Across all experimental conditions, subjects rated pain intensity every 15 seconds for the duration of each challenge using a 0 to 100 VAS. Average ratings for the pain condition were 31 (11) and 24 (10) for pain with placebo (t = 2.6 [P = .009]). The PPI index also declined significantly after placebo administration (pain, 2.2 (0.6); pain + placebo, 1.8 (0.6); t = 1.8 [P = .04]).
The median change in pain intensity ratings after placebo administration was 50%. This threshold was then used to divide the sample into equal groups of low (lower median) and high placebo responders.
Within the low placebo analgesia group, 5 subjects showed increases in pain report during placebo administration (average increase in pain ratings over a 20-minute period, 7  VAS intensity units). This change was significantly different from that of placebo responders who showed a 15 (8)–unit reduction in VAS scores (t = 4.6 [P < .001]). Placebo and nocebo responders did not differ in their ratings of expected effectiveness (54  and 44 , respectively; t = 0.7 [P = .45]).
A mixed-effects analysis of variance was used to rule out placebo effects that could be attributable to the scan order confounds. This analysis confirmed an effect of placebo on pain ratings (F79,3 = 17.1 [P < .001]), but no effects of scan order (F79,3 = 0.5 [P = .80]) or interactions (F79,3 = 0.4 [P = .80]). No significant effects of placebo were obtained for PANAS negative affect ratings (F79,3 = 1.1 [P = .30]), order effects on this measure (F79,3 = 0.6 [P = .40]), or interactions between them (F79,3 = 0.1 [P = .70]). Similar results were obtained for PANAS positive affect ratings (effects of placebo, F79,3 = 1.7 [P = .20]; effect of scan order, F79,3 = 0.3 [P = .60]; interaction term, F79,3 = 0.6 [P = .80]).
In addition, a separate control experiment was conducted with a different sample of 18 healthy male subjects to rule out order effects on pain or affective ratings. These subjects were studied twice with the same pain challenge but without placebo or other interventions and without scanning. Average VAS pain intensity ratings over a 20-minute period were 32 (13) for studies conducted first in order and 31 (13) for those second in order (t = 0.6 [P = .30]). Similarly, no significant differences were obtained as a function of scan order for PANAS negative affect (t = 0.94 [P = .40]), positive affect (t = 0.18 [P = .90]), or fear ratings (t = 0.81 [P = .40]).
Placebo administration was associated with significant reductions in μ-opioid receptor BP, reflecting the activation of endogenous opioid neurotransmission and μ-opioid receptors in several brain regions. These included the subgenual (Brodmann area [BA] 25) and rostral (BA 24) anterior cingulate, orbitofrontal cortex (BA 11), anterior and posterior insular cortex, nucleus accumbens bilaterally, right amygdala, and PAG (Figure 1 and Table 1). Reductions in the BP measure ranged from 10% to 26% across these regions.
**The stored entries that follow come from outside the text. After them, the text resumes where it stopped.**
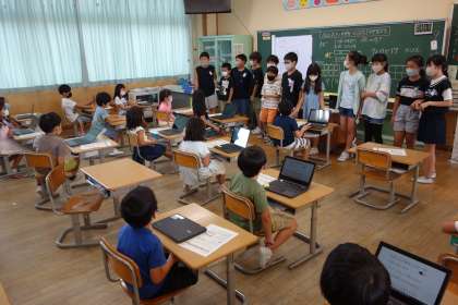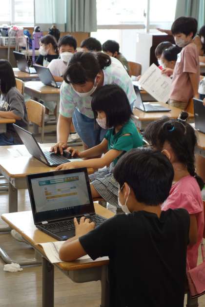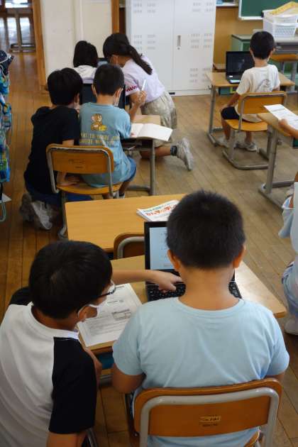 1年生のクロームブック操作のお手伝いに行ってきました。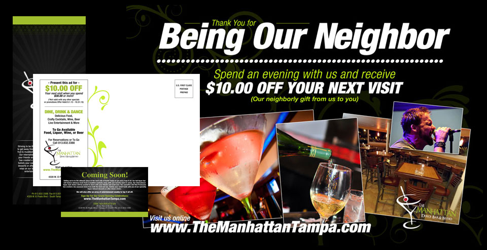 The owners of The Manhattan came to us with an idea for a new bistro they planned on opening and wanted us to develop their identity. The concept of the establishment was based on the manhattan cocktail and they wanted to incorporate that theme into their brand. Offering specialty drinks and an upscale menu, The Manhattan wanted a brand that was sleek yet sophisticated.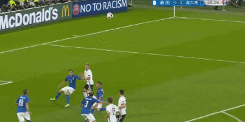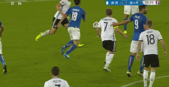 开场第5分钟,意大利队中场长传禁区,贾凯里尼拿球转身扫射,被博阿滕挡出底线。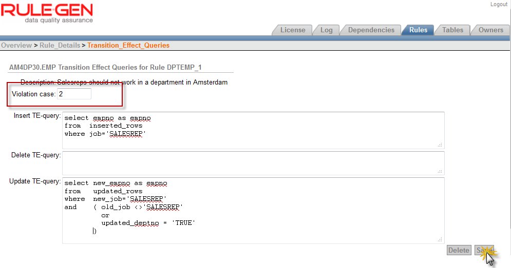 The TE Queries for EMP will in this case return the empno values for those employees that require validation as a result of the transaction against EMP. That means that we also need a second CV-Query – the first one has deptno values for its input and will report on a problematic department while the EMP related TE queries will report on employees who have the wrong job or the wrong department. That means in RuleGen terms that we are dealing with different violation case. We specify this by setting the value of Violation case to a different value than its default of 1. Note: it is also possible to have the EMP TE-queries return the distinct deptno for the departments that contain the employees that require validation. In that case, we could use the same CV Query for both angles – department and employee – and work with the same value for Violation case.

In view of the central role of the PAG in regulating pain transmission to supraspinal regions, we also examined the relationship between PAG and other regional μ-opioid system activity during the placebo condition (Figure 1). Significant negative correlations were obtained between placebo-induced PAG activation and both the right nucleus accumbens (r = −0.47 [P = .02]) and right amygdala (r = −0.43 [P = .03]), with trends in the same direction for the subgenual anterior cingulate (BA 25) (r = −0.41 [P = .08]). No significant positive correlations were obtained in any region.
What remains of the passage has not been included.